この時の話もよろしければ合わせてご覧ください。
当たり前だけどできていない。EBP。
エビデンスに基づく政策(Evidence-Based Policy)

エビデンスドベースドで政策を進めることは大事。

認知能力よりも非認知能力



常に、ナゼ?ナゼ?を考えておくこと。


学力の経済学を読んでいたので、
本の内容をなぞらえる感じではあるのですが、
新しい話もありました。

あと、しゃべるのがとにかく早かったです。


エビデンスドベースドで政策を進めていきたいですね。
あと、アメリカは義務教育段階で通信簿に
非認知能力の評価も入れているというのは、興味深いです。

===

日本の教育政策の問題点

「私の経験」による支配

個人の体験談は必ずしもあらわさない
例外的な出来事ほど衆目を集める傾向
科学的根拠とは個人の体験を大量に観察することによって得られる規則性

経済学者は分布をみる。
すそ野の方に例外がある。
例外事象を観察してるだけではないか。

経済学者は科学的根拠・エビデンス

学力の経済学
20万部売れている
羽田けいすけのスクラップアンドビルドが18万部。

どうすれば子どもの勉強時間が伸びるのか?
→父母の子供の学習へのかかわり方が子どもの学習時間を増加させる効果


お母さんが女子に勉強するように言うとマイナス効果。
父が男子の勉強を見るのが効果がある。

「勉強しなさい」は逆効果
ー経済学とは何か?
社会科学の「王様」
「インセンティブ」(=動機)のあるところに経済学あり

「インセンティブのメカニズム」を明らかにする

やばい経済学
学校の先生と相撲の力士どこが同じ?
→インチキをするインセンティブがある。
先生、テストの答えを書き換えている。
力士、8勝6敗の力士は7勝7敗の力士にわざと負けるインセンティブがある。

八百長をするやつが悪いのか?
→八百長をするインセンティブを与える「仕組み」が悪いのだ。
どのようなインセンティブが人の行動をどのように変えるのか。
これを解きあかすのが経済学。

勉強しなさいが逆効果なのであれば、
子どもが一生懸命勉強するような「仕組み」をつくる
「目の前のにんじん」作戦。



双曲割引→まぁ明日からでいいんじゃないかって思う気持ち。
物事を先送る傾向。
地域によって双曲割引の比率も違う。
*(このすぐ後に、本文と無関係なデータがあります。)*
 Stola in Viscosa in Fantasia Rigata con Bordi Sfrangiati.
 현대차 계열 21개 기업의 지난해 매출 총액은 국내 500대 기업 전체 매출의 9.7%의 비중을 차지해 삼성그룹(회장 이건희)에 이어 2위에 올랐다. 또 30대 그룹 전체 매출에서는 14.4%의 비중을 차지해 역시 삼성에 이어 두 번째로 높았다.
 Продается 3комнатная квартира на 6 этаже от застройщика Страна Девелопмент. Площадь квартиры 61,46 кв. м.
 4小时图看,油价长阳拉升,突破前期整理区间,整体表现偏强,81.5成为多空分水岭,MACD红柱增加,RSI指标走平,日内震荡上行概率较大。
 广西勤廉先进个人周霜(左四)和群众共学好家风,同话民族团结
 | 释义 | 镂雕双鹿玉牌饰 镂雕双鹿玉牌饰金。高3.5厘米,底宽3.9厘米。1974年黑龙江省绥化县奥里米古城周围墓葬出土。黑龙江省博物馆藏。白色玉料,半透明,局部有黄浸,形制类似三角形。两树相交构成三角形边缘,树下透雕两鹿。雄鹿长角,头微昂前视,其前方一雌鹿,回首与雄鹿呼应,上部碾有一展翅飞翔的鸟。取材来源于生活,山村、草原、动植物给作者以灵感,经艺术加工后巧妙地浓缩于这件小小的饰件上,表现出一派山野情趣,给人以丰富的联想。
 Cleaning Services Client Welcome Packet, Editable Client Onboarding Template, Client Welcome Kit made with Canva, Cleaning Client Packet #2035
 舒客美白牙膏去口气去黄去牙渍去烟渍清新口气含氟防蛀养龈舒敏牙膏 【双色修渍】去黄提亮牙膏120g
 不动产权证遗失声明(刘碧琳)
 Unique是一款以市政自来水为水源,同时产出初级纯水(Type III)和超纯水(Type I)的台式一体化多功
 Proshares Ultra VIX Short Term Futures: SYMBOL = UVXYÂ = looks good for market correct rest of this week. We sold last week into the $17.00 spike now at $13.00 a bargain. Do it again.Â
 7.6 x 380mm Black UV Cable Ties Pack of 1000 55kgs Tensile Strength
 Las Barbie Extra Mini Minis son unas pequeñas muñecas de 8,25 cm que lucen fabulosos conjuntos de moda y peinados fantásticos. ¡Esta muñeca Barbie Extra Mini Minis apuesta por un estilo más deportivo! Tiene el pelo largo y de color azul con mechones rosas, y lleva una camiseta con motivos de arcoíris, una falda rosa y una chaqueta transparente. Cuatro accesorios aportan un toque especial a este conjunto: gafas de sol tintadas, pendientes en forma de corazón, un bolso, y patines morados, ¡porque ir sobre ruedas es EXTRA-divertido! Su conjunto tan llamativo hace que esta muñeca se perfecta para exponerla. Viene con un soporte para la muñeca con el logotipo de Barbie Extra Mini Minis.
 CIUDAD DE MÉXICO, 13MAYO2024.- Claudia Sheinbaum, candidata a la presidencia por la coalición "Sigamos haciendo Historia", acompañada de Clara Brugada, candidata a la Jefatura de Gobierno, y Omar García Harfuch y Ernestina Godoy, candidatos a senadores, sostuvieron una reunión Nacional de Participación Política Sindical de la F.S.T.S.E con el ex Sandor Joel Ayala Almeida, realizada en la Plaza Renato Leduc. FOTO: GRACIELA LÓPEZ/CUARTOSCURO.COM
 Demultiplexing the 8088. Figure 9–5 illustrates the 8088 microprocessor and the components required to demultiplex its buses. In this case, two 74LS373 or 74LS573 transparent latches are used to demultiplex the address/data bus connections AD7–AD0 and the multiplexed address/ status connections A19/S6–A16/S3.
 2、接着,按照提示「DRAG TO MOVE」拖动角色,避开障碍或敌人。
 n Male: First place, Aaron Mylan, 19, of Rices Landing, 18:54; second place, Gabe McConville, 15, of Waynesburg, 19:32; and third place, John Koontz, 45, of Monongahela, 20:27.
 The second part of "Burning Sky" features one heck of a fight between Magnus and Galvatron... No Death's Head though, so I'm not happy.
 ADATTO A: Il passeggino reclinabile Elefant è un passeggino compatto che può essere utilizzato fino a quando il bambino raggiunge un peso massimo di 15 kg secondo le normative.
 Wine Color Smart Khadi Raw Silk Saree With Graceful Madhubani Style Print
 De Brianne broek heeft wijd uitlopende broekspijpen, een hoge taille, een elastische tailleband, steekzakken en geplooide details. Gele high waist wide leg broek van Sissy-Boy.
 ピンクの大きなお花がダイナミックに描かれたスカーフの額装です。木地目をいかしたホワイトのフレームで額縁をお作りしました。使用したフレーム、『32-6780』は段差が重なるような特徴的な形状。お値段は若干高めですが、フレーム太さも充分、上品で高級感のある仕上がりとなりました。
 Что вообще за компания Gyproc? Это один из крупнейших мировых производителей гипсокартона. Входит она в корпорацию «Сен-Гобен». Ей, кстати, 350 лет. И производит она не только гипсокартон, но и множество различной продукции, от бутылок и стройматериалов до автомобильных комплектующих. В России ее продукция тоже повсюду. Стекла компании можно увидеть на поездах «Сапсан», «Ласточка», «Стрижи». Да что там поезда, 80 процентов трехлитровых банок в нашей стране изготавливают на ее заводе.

今の利益が高く見える。

今勉強するのは将来にとって大切なのだが、
将来の利益を過小評価するので、
逆に今勉強することのメリットを高める。


◎フライヤー教授の実験
教育生産関数、企業の生産活動と同じ考え方。
テストで90点取ったら2000円(アウトプットにご褒美)
本を一冊読んだら200円(インプットにご褒美)

◎実験の結果
インプットにご褒美を与えられた子どもの方が成績が改善した。
子どもの学習を指導するメンターが存在すればアウトプットにご褒美はうまくいく


◎ご褒美を与えると勉強するのが楽しいという気持ちを失ってしまうのでは?
外的インセンティブ(お金とか褒められるとか)
内的インセンティブ(自分で楽しくなる)

外的インセンティブを使うと内的インセンティブが失われるのではと。
そんなことがない。

◎お金はよいご褒美か?
小学生はお金よりもトロフィーに反応。
中高生以上はお金に反応

金融教育(=家計簿をつける、など)をセットにすると貯蓄率も上がる。


◎やる気の科学
サイエンスライター、ダニエルピンク「やる気に関する驚きの科学」テッドトーク
報酬って必ずしもうまくいくわけではない。


サイエンスライター、本格的な研究をわかりやすく伝える職業。


◎行動経済学者のラボ実験
MITの大学生に大して行った実験
単純作業では報酬はパフォーマンスをあげる
考える力を必要とするような作業では報酬は却ってパフォーマンスを下げる。
インドの発展途上国でも同様の結論

単純なルールと明確な答えがあるとき、目の前にある単純な仕事をこなすとき、
報酬は視野を狭め心を集中させる役割。

21世紀を生き抜くためには、
創造的で概念的で答えがない問題に答えを出す能力。
内的インセンティブを高めないといけない。

行動経済学ではやっていること
マスタリー:成長できている感覚
オートノミー:自主性
パーパス:公で役に立っている

日本ではエビデンスドベースドの政策決定が無いが、
ブッシュ政権下No Child Left Behind法
根拠がないと予算がつかない。

◎「エビデンス」とは
・数字で計測できている
・「因果関係」が明らか→読書好きが学力が高いのか、学力が高いから読書が好きか。これは因果関係が明らかではない。
・「階層」がある(RCTは信頼性が高い)

『貧乏人の経済学』の著者のバナジーとデュフロがRCTを実施しだした。


◎幼児教育の重要性
教育の収益率に対する大きな誤解。
実は最も収益率が高いのは修学全から小学校の低学年にかけて。
教育のシナジー効果(教育は積み重ねが大事だから)


ペリー幼稚園プログラムをやると、
後々の人生でも影響が出てくる。

4歳の時に投資した100円が65歳になって6000円から3万円の効果。
認知能力への影響力は限定的だが、非認知能力(=生きる力)の差は埋まらない。


◎非認知能力が将来の成功
マシュマロテスト
その場で食べるか15分我慢して2個目もらうか。
我慢したこの方が給与が高く、BMIが低く、薬物の使用経験も低かった。

非認知能力は鍛えて伸ばすことができる。

重要な非認知能力
└自制心
└やり抜く力(GRIT)


池田先生、自滅する選択


夏休みの宿題を最後まで残す人は大人になってもダイエットできず貯金できない。


しつけを受けた人は収入が高い。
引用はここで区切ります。